» Recorded information
══════════════════════════════

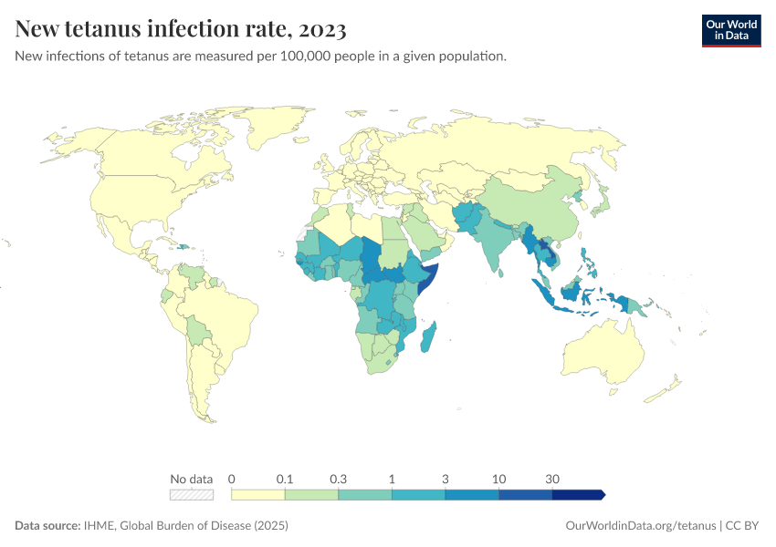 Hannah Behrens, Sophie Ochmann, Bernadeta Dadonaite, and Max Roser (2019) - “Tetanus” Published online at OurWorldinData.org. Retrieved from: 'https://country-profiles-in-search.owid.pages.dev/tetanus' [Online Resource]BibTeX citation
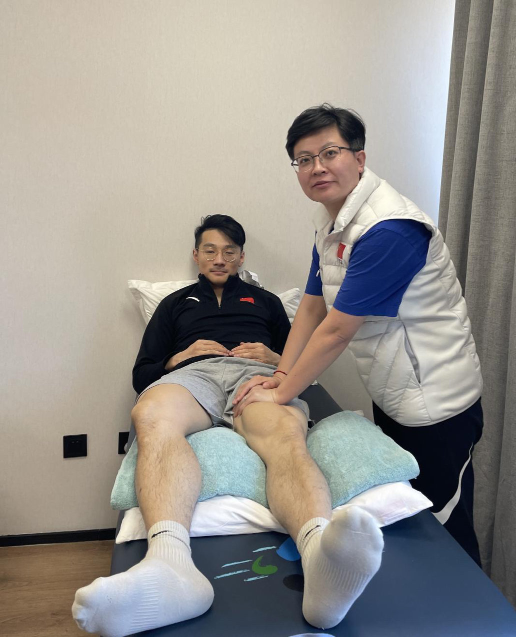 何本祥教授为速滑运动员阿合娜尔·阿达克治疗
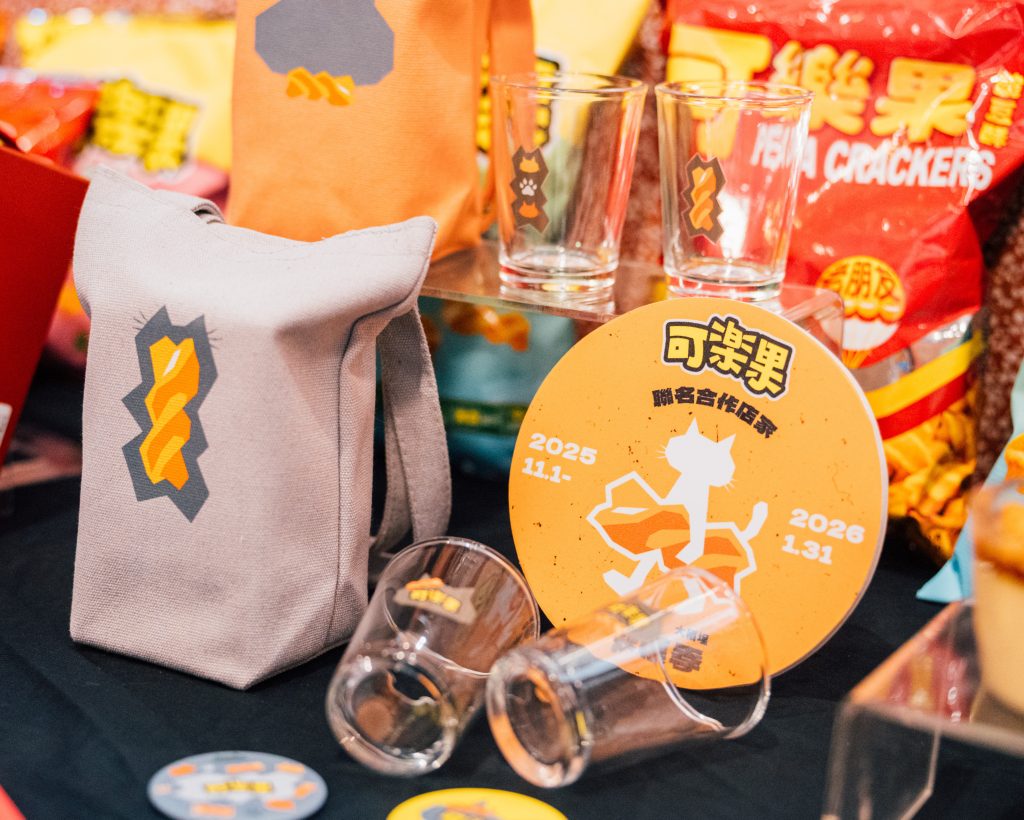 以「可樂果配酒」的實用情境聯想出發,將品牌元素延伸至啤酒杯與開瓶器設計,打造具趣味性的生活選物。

══════════════════════════════

» What is required
Restate the entire listing word for word, excluding pictures.

» Completed task
 Hannah Behrens, Sophie Ochmann, Bernadeta Dadonaite, and Max Roser (2019) - “Tetanus” Published online at OurWorldinData.org. Retrieved from: 'https://country-profiles-in-search.owid.pages.dev/tetanus' [Online Resource]BibTeX citation
 何本祥教授为速滑运动员阿合娜尔·阿达克治疗
 以「可樂果配酒」的實用情境聯想出發,將品牌元素延伸至啤酒杯與開瓶器設計,打造具趣味性的生活選物。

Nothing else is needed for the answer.